Extracted data entries
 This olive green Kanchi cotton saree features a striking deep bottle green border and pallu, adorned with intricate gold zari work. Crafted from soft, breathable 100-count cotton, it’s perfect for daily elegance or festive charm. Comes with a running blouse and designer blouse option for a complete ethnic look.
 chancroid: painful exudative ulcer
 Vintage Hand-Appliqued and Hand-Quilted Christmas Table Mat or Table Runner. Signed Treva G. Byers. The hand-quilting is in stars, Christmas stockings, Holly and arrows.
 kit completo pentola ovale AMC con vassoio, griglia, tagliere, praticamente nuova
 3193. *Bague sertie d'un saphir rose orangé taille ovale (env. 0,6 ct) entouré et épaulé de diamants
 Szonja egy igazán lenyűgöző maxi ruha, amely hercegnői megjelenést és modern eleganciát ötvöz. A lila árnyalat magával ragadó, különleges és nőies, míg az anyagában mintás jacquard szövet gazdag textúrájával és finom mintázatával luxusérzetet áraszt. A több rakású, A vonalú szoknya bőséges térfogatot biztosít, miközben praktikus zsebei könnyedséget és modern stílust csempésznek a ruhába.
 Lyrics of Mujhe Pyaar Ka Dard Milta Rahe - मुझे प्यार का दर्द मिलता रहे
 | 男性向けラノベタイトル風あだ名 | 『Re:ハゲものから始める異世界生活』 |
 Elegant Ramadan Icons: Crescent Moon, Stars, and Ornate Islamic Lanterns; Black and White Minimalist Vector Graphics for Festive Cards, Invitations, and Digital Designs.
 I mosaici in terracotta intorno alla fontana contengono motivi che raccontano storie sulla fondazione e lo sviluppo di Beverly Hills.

● Exercise instructions
Write out, exactly as they appear, the lines from the one containing "3193. *Bague sertie" through the last line of the records above, both included, and nothing more.

● Output below
 3193. *Bague sertie d'un saphir rose orangé taille ovale (env. 0,6 ct) entouré et épaulé de diamants
 Szonja egy igazán lenyűgöző maxi ruha, amely hercegnői megjelenést és modern eleganciát ötvöz. A lila árnyalat magával ragadó, különleges és nőies, míg az anyagában mintás jacquard szövet gazdag textúrájával és finom mintázatával luxusérzetet áraszt. A több rakású, A vonalú szoknya bőséges térfogatot biztosít, miközben praktikus zsebei könnyedséget és modern stílust csempésznek a ruhába.
 Lyrics of Mujhe Pyaar Ka Dard Milta Rahe - मुझे प्यार का दर्द मिलता रहे
 | 男性向けラノベタイトル風あだ名 | 『Re:ハゲものから始める異世界生活』 |
 Elegant Ramadan Icons: Crescent Moon, Stars, and Ornate Islamic Lanterns; Black and White Minimalist Vector Graphics for Festive Cards, Invitations, and Digital Designs.
 I mosaici in terracotta intorno alla fontana contengono motivi che raccontano storie sulla fondazione e lo sviluppo di Beverly Hills.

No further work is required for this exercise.